Dave Johnson starred as a pitching "Joe Hardy" for the Baltimore Orioles in 1989.

Johnson had had a cup of coffee with the Pittsburgh Pirates in 1987, appearing in relief 5 times and accumulating an ERA above 9. A Baltimore, MD native, Johnson had been released by the Pirates after leading the 1988 American Association in wins (15). Baltimore traded for him from the Astros at the end of 1989 spring training. While the 1988 team lost their first 21 games and 107 games in total, the 1989 Orioles got hot in late May, rose to the top of the mediocre AL East and stayed there with a 5-to-7 game lead through June and into July. An 8-game losing streak in late July, followed by a win and another 3 losses to close the month, brought the Toronto Blue Jays and Boston Red Sox to within 3 games of Baltimore, and 6 teams were within 5 1/2 games of each other in the East when Johnson was called up on August 1st to pitch in Boston in the second game of a doubleheader. Johnson was serviceable, but unspectacular in a 6-2 loss. But when the Orioles returned to Baltimore, Johnson would begin his rise to cult-hero status.

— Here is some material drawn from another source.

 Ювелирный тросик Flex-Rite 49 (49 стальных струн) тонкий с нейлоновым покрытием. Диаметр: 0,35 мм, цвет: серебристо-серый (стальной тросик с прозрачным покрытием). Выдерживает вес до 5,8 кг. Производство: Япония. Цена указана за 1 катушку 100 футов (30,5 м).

Johnson faced the Minnesota Twins on August 8th, gave up a lead-off triple, but allowed only that runner to score in a complete game 8-hit win (6-1). Five days later, again in Baltimore, Johnson faced the Red Sox, who'd closed to a game and a half back. Johnson repeated his previous home performance, giving up a first-inning run and nothing else in his second consecutive complete game, 6-1 victory (this time a 6-hitter). Johnson's next two starts were also at home. He lost to Toronto, but came back 4 days later to pitch his 3rd complete game victory in 4 starts, a 4-2 (5-hit) win over the second-place Milwaukee Brewers. Following Johnson's first start, the Orioles, who had lost 13 of 14 before his arrival, had gone 19-11 through the balance of August. Johnson, coming from out of nowhere and being a Baltimore native, became the darling of the city.

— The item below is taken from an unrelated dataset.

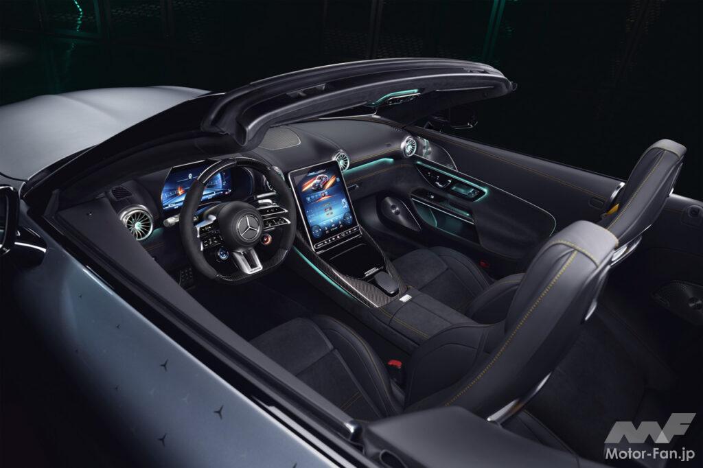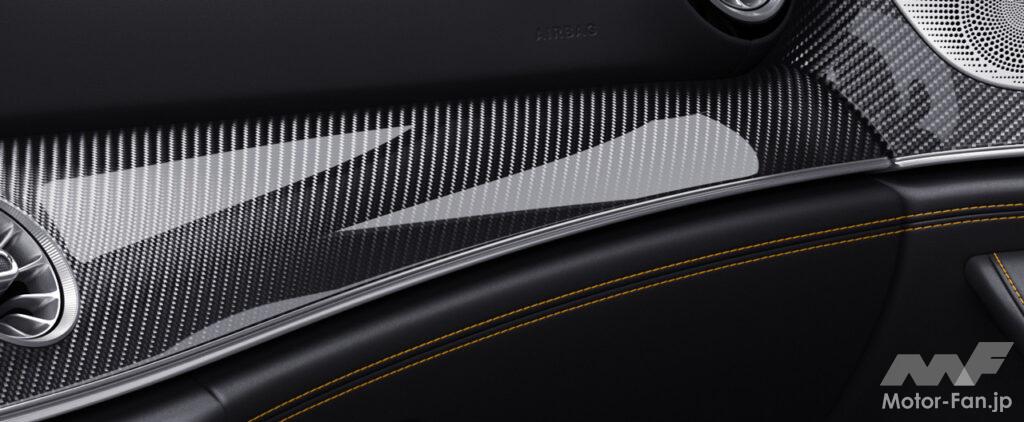 インテリアには、ナッパレザー/MICROCUT素材にイエローステッチを採用したAMGパフォーマンスシートや、AMGカーボンファイバーインテリアトリム、カーボンファイバーとMICROCUTを組み合わせたAMGパフォーマンスステアリングを装備し、さらにスポーティな世界観が表現されている。

The Orioles went into the final series of the season in Toronto, one game behind the Blue Jays. Toronto won the first game and Pete Harnisch was scheduled to pitch on Saturday. But Harnisch reportedly stepped on a nail walking from the stadium to the hotel after Friday's game, and Johnson started the game on 3 days' rest for the second straight start and 5th time in 2 months. The Orioles led 3-1 when Johnson was lifted after walking the lead-off hitter in the 8th. Toronto scored 3 runs that inning and clinched the pennant with a 4-3 win.

The reversal of the '89 Orioles, going from "worst to [almost] first" captured the imagination of the city, and Johnson's myth of the local truck driver who came out of nowhere to help the hometown team carried special resonance for Baltimore fans. He was in fact not the only story of this type for the team, as reliever Kevin Hickey also contributed an excellent season after being out of baseball for a while.

Bill James Baseball Book (1991) said that Johnson had allowed only one stolen base in his major league career, and that only "a few" runners had ever tried to steal on him and most had been thrown out.

Dave Johnson lost a no-hitter with 2 outs in the 9th in the final home game for the Alexandria Dukes of the Carolina League at Four Mile Run Park.

His son Steve Johnson reached the major leagues with the Orioles in 2012. Steve Johnson took the mound August 8, 2012 for the Orioles against the Seattle Mariners. Little did the crowd know, this would be an extra-special night for the Johnson family. Making his first career start, Steve Johnson was extremely impressive as he dazzled the Baltimore crowd. After pitching six innings, the rookie recorded nine strikeouts while giving up just two earned runs. His performance was more than enough to secure his first MLB victory. The Orioles came away with a 9-2 win, but that was not the special news of the night. Steve Johnson’s victory came exactly 23 years after Dave Johnson recorded his first MLB win. Dave recorded his first Major League win on August 8, 1989, as he pitched a complete game, defeating the Minnesota Twins 6-1. Like father, like son.